How to cope with losing a loved one

Most of us experience the death of a loved one at some point in our lives. And while nothing can ease the pain of bereavement, there are things that can help you through.

Illustration of a man sitting on a park bench watching the sun set alone

“It’s always a shock when someone dies, whether it is expected, or unexpected,” says Linda Magistris from The Good Grief Trust, a national umbrella charity, which signposts people to bereavement support services.

“But there are many options for what happens before and after someone dies, which can help you process the pain of loss and keep you connected to the person who’s gone.”

Things to think about

If you know a loved one is dying, try to talk about how you wish to spend the time you’ve got left together. You may worry about how best to approach this conversation. The Good Grief Trust has information about things to consider before and after someone dies, which may help both of you start to talk about the things that matter to you.

“Knowing what options are available can be empowering,” says Ms Magistris, who founded The Good Grief Trust after her partner Graham died.

We don’t move on from people we’ve lost. We move forward with them

For example, if a person dies at home, they can stay at home until the funeral, and if they die in hospital, you can bring them home before the funeral. You may choose to make keepsakes using their fingerprints or samples of their handwriting. Some people have jewellery or artwork made using the imprints or ashes of their late loved ones, and they come to treasure these items.

“We all deal with death differently, and our grief is as unique as we are,” says Ms Magistris. “Knowing your options can help you ask for what you need.”

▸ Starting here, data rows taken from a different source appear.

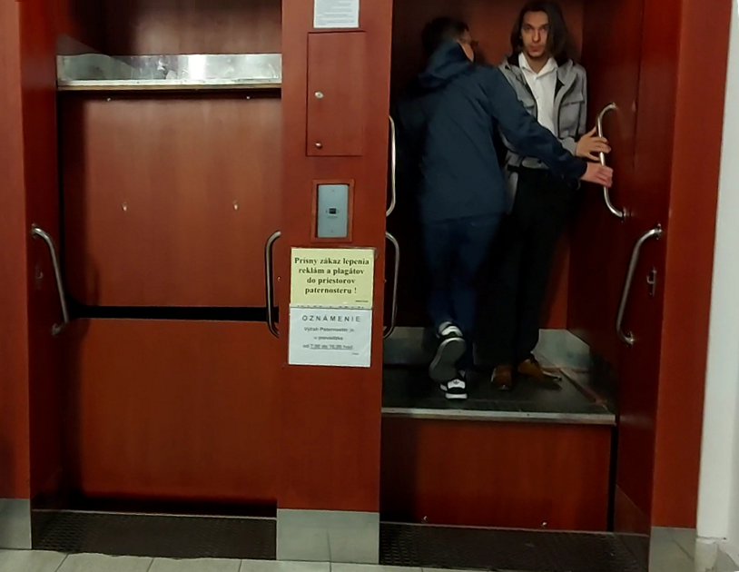 Atrakcją architektoniczną budynku głównego Technickeho Universitetu v Kosicach jest winda. Jest to winda o specjalnym mechanizmie transportu osób tzw. dźwig okrężny, który pracuje jak przenośnik kubełkowy. Widna pracuje z prędkością około 0,4 m/s, dzięki czemu możliwe jest wsiadanie i wysiadanie bez zatrzymywania. Popularna nazwa tego dźwigu to „paternoster”.
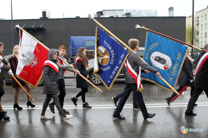 W przemarszu ulicami miasta wyruszyli obecni na nabożeństwie zastępca prezydenta Jerzy Gwiżdż, przedstawiciele Wydziału Edukacji dyrektor Józef Klimek i Halina Wiśniowska, przewodnicząca Rady Miasta Bożena Jawor, radni Elżbieta Chowaniec i Janusz Kwiatkowski, przedstawiciel Powiatu Nowosądeckiego Marian Ryba, nauczyciele i uczniowie Zespołu Szkół nr 2 oraz liczne grono sądeczan.
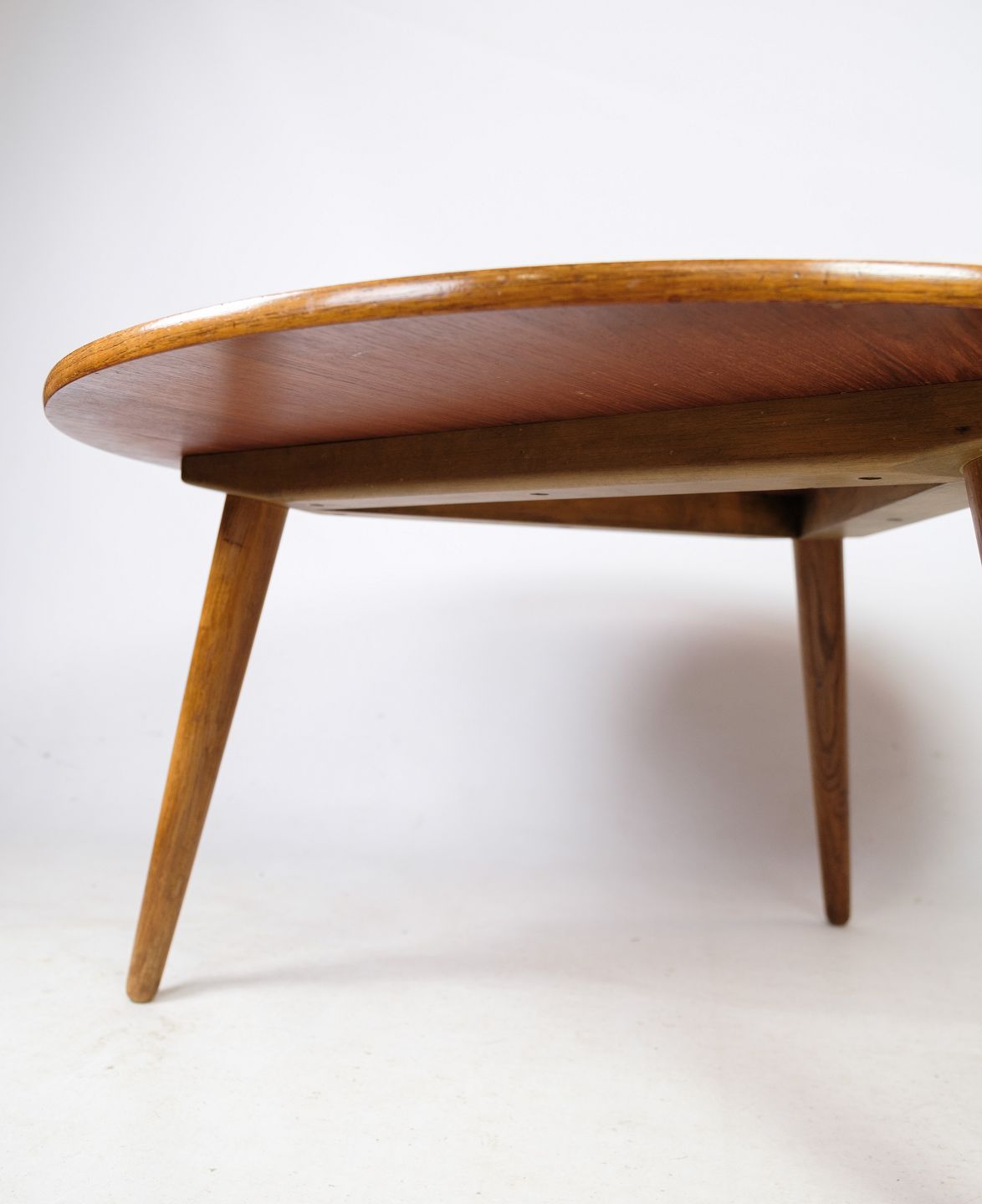 Som en tidlig model i sin originale stand er dette sofabord et sjældent fund og meget eftertragtet af samlere og designentusiaster. Dens enkle, men elegante design og håndværk af høj kvalitet gør den til et klassisk eksempel på Hans J. Wegners ikoniske moderne stil fra midten af århundredet.
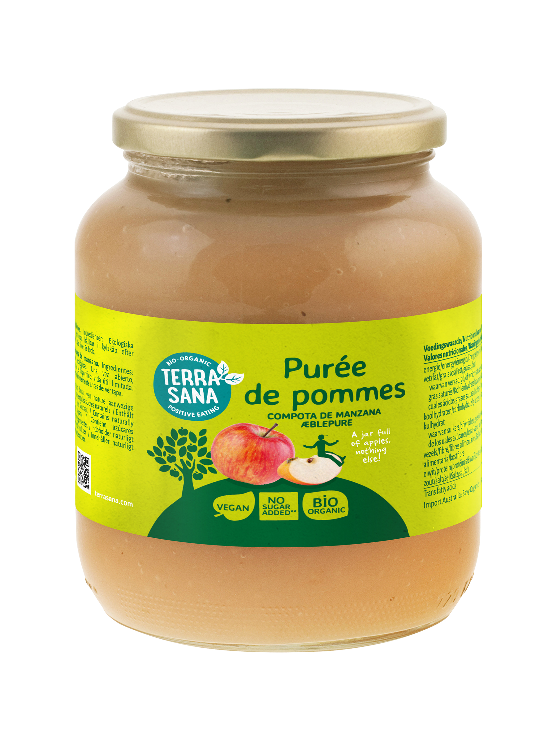 Wist je dat appelmoes in sommige gerechten ei kan vervangen? Denk aan 4 eetlepels voor 1 ei. Je koopt de appelpuree in een herbruikbare glazen pot met bpa-vrije deksels.
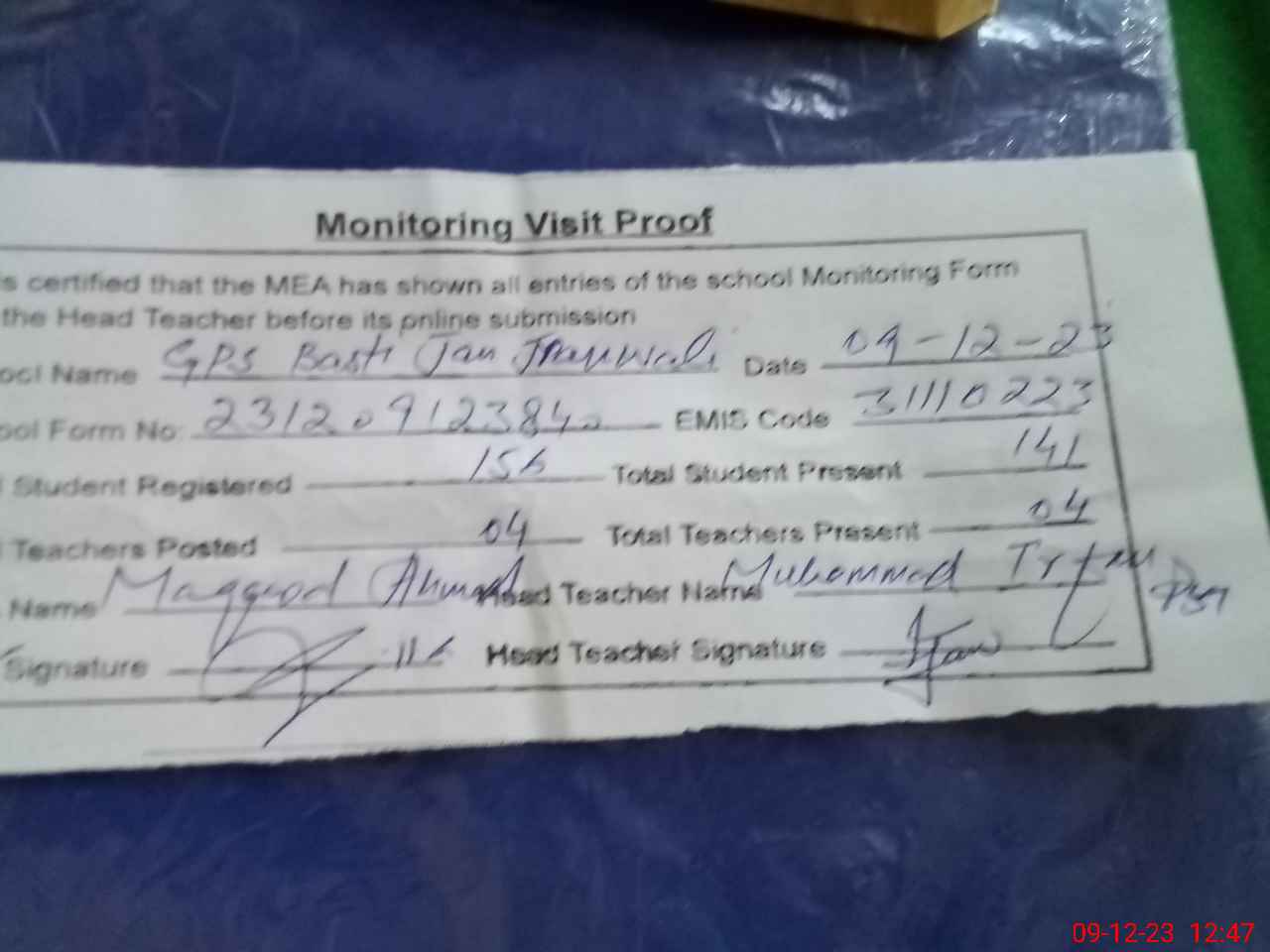 | EMIS Code: 31110223 | Name of School: GPS BASTI JAN JRANWALI | |||
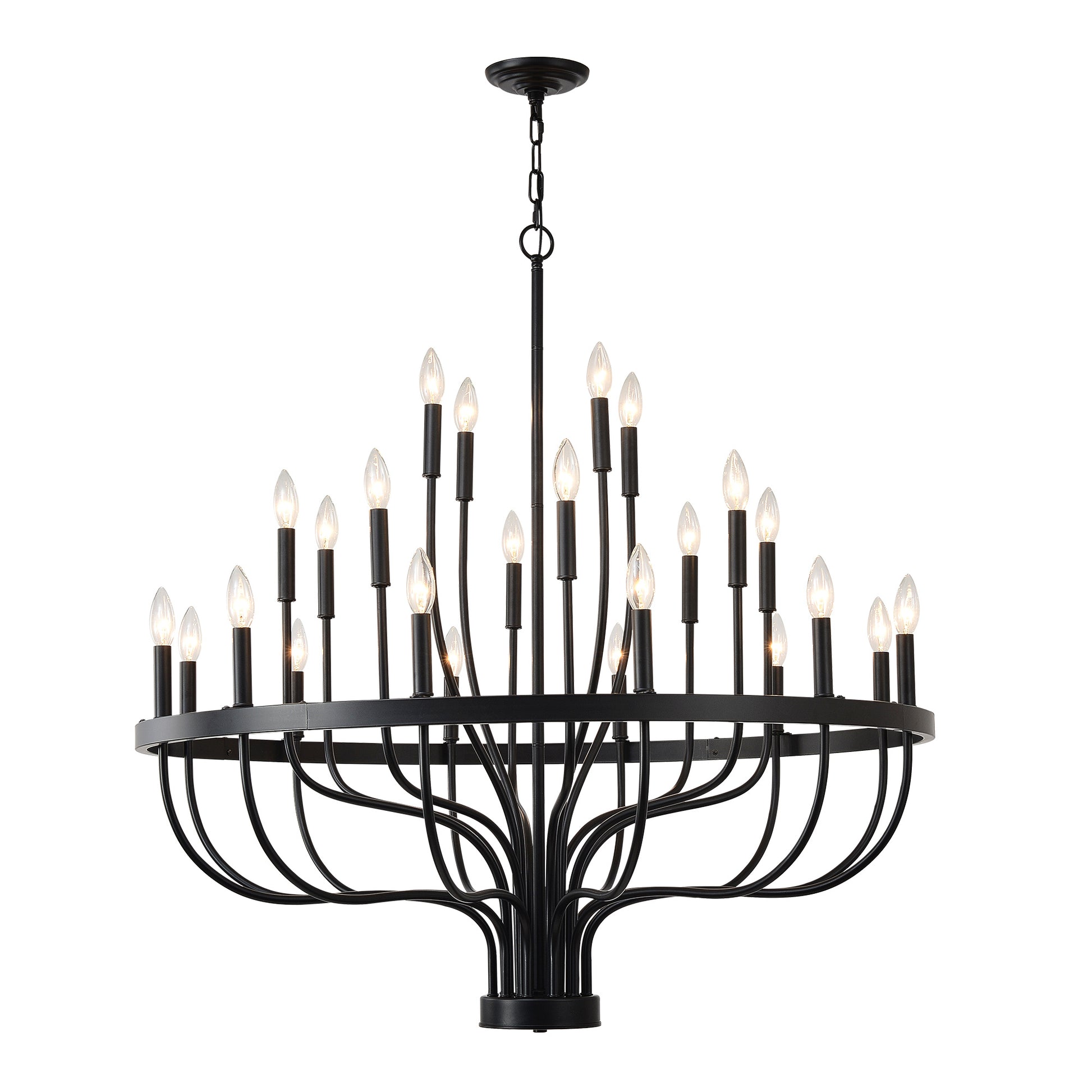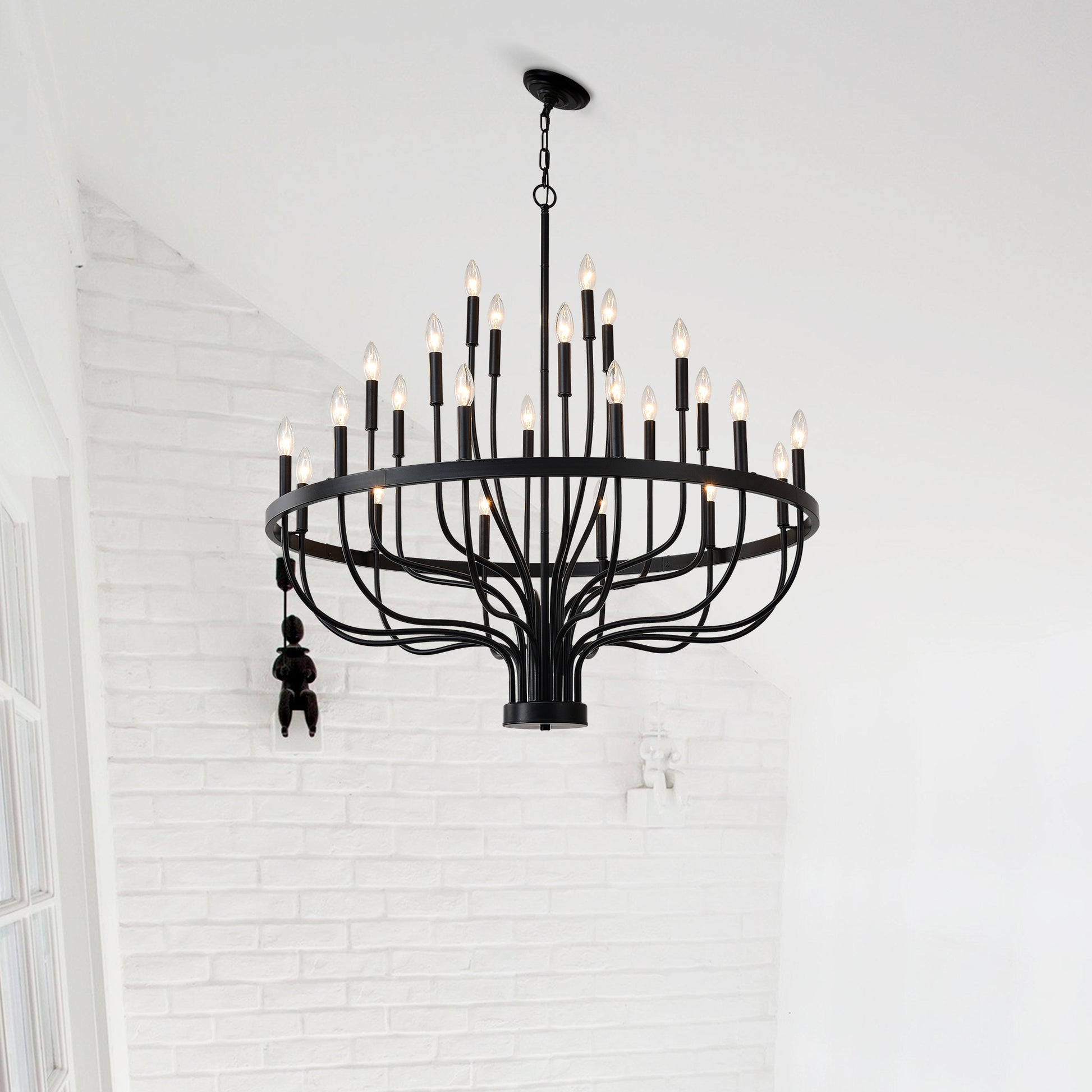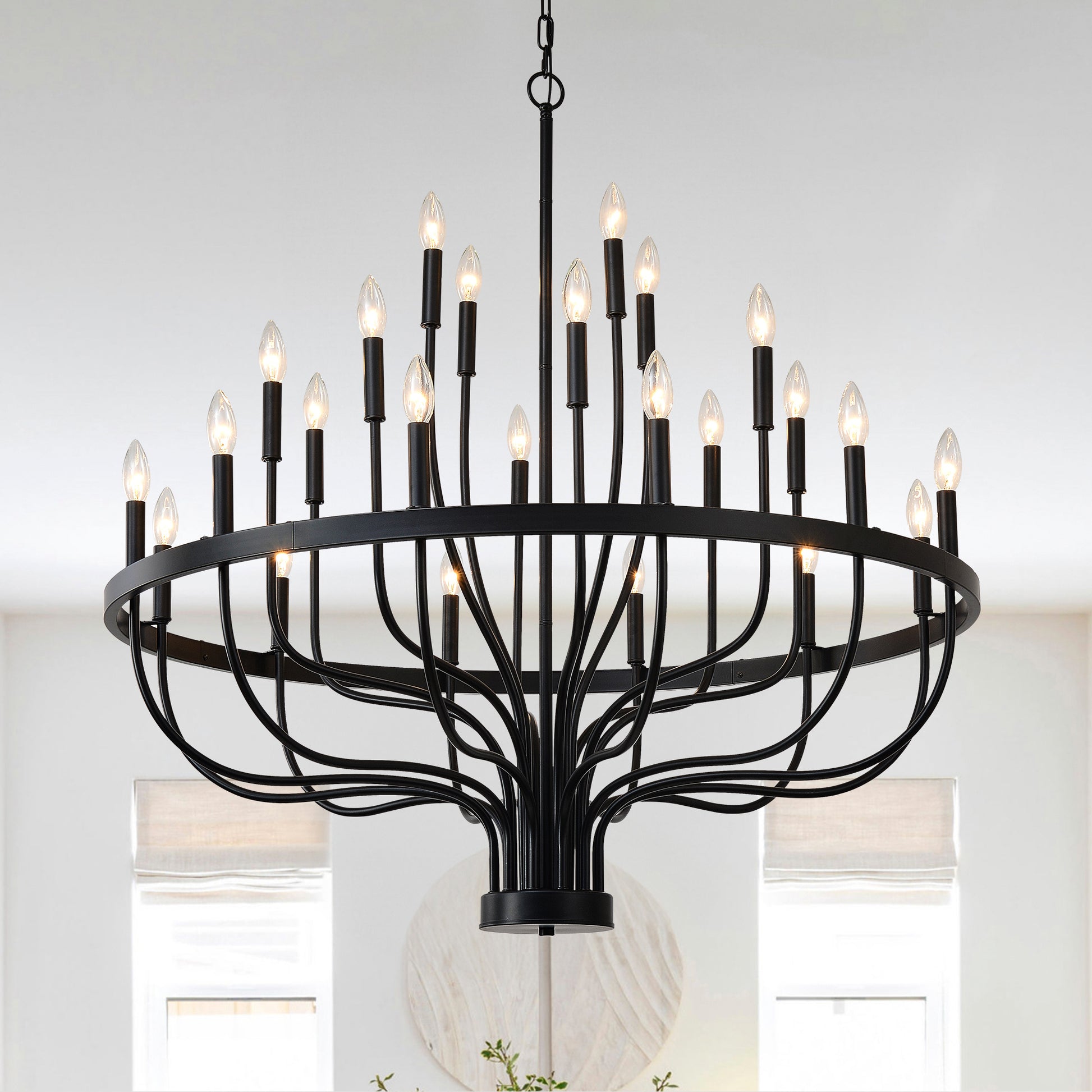 24-Light Black Chandelier Industrial Iron Candle Chandelier

Ways to remember a loved one

If you have the time before someone dies, you may want to create new memories. Taking photos or making videos and voice memos can help you celebrate the life of the person you love.

“You can remember the person you’ve lost by speaking their name, by setting an extra plate at the table, by taking a walk along their favourite route down the pier, or having fish and chips at their favourite shop,” says Ms Magistris. We can share stories and remember what they liked and disliked, saying, ‘Mum would have loved that’, or ‘Dad would have preferred this to that’.”

Express your feelings

You may feel guilty after a loved one dies, if you missed the chance to say goodbye, or you may feel like you’ve said the wrong thing or left on bad terms. With terminal or life-limiting illness, you may question the diagnosis and wonder if you could have done something earlier.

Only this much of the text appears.